Question

Find the variance and STD deviation of the r.v. $x$ whose probability distribution is given:

$x$	$0$	$1$	$2$	$3$
$P\left( X=x \right)$	$\dfrac{1}{8}$	$\dfrac{3}{8}$	$\dfrac{3}{8}$	$\dfrac{1}{8}$

Answer 1

Hint: For solving this question in which we need to find the variance and STD deviation, we will draw a table and will find the some related values that are required to find the variance. Then, we will use the formula of variance $\sum{{{x}^{2}}\cdot P(x)}-{{\left( \sum{x\cdot P\left( x \right)} \right)}^{2}}$ and simplify it. Then, we will find the square root of variance to find the STD deviation of random variables.

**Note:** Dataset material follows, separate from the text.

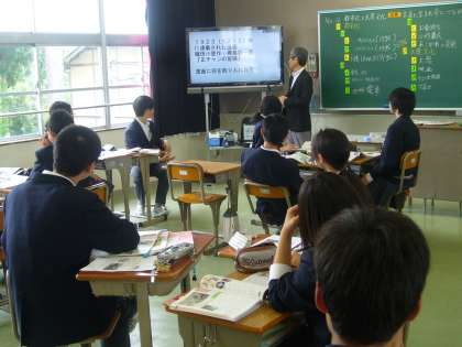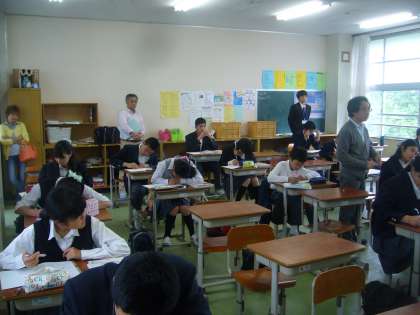 教室の後ろや入口のところに、保護者が立たれて生徒たちは幾分緊張気味で、1年生は理科の少人数分割授業、2年生は数学と英語の少人数分割授業でした。

Complete step by step solution:
Since, we have some given data. We will use given data and find the some value by using table as:

$x$	$P\left( X=x \right)$	$x\cdot P\left( x \right)$	${{x}^{2}}\cdot P\left( x \right)$
$0$	$\dfrac{1}{8}$	$0\times \dfrac{1}{8}=0$	${{0}^{2}}\times \dfrac{1}{8}=0$
$1$	$\dfrac{3}{8}$	$1\times \dfrac{3}{8}=\dfrac{3}{8}$	${{1}^{2}}\times \dfrac{3}{8}=1\times \dfrac{3}{8}=\dfrac{3}{8}$
$2$	$\dfrac{3}{8}$	$2\times \dfrac{3}{8}=\dfrac{6}{8}$	${{2}^{2}}\times \dfrac{3}{8}=4\times \dfrac{3}{8}=\dfrac{12}{8}$
$3$	$\dfrac{1}{8}$	$3\times \dfrac{1}{8}=\dfrac{3}{8}$	${{3}^{2}}\times \dfrac{1}{8}=9\times \dfrac{1}{8}=\dfrac{9}{8}$

Now, we will find the sum of $x\cdot P\left( x \right)$ as:
$\Rightarrow \sum{x\cdot P\left( x \right)}=0+\dfrac{3}{8}+\dfrac{6}{8}+\dfrac{3}{8}$
Since, the denominator of all the fractions is the same. So, we can add them directly as:
$\Rightarrow \sum{x\cdot P\left( x \right)}=\dfrac{3+6+3}{8}$
Now, we will do addition in numerator as:
$\Rightarrow \sum{x\cdot P\left( x \right)}=\dfrac{12}{8}$
Here, we will simplify the fraction into its simplest form as:
$\Rightarrow \sum{x\cdot P\left( x \right)}=\dfrac{3}{2}$
Now, we will calculate the sum of ${{x}^{2}}\cdot P\left( x \right)$ as:
$\Rightarrow \sum{{{x}^{2}}\cdot P\left( x \right)=0+\dfrac{3}{8}+\dfrac{12}{8}+\dfrac{9}{8}}$
Again, we will follow rule of addition in this step as the denominator is same:
$\Rightarrow \sum{{{x}^{2}}\cdot P\left( x \right)=\dfrac{3+12+9}{8}}$
Now, add the numerator as:
$\Rightarrow \sum{{{x}^{2}}\cdot P\left( x \right)=\dfrac{24}{8}}$
Here, we will simplify it as:
\[\Rightarrow \sum{{{x}^{2}}\cdot P\left( x \right)=3}\]
Since, we got the corresponding values of the variance formula. We will use it in the formula of variance as:
$\Rightarrow \operatorname{var}=\sum{{{x}^{2}}\cdot P(x)}-{{\left( \sum{x\cdot P\left( x \right)} \right)}^{2}}$
We will substitute the corresponding values as:
$\Rightarrow \operatorname{var}=3-{{\left( \dfrac{3}{2} \right)}^{2}}$
After squaring the fraction, we will have $\dfrac{9}{4}$ as:
$\Rightarrow \operatorname{var}=3-\dfrac{9}{4}$
Now, we will do the addition as:
$\Rightarrow \operatorname{var}=\dfrac{12-9}{4}$
After subtraction, we will get the variance.
$\Rightarrow \operatorname{var}=\dfrac{3}{4}$
Now, we can calculate STD deviation by taking square root of variance as:
$\sigma =\sqrt{\operatorname{var}}$
Here, we will apply the value of variance as:
$\sigma =\sqrt{\dfrac{3}{4}}$
We will simplify the above step as:
$\sigma =\dfrac{\sqrt{3}}{2}$
Hence, the variance of the random variables is $\dfrac{3}{4}$ and standard deviation is $\dfrac{\sqrt{3}}{2}$.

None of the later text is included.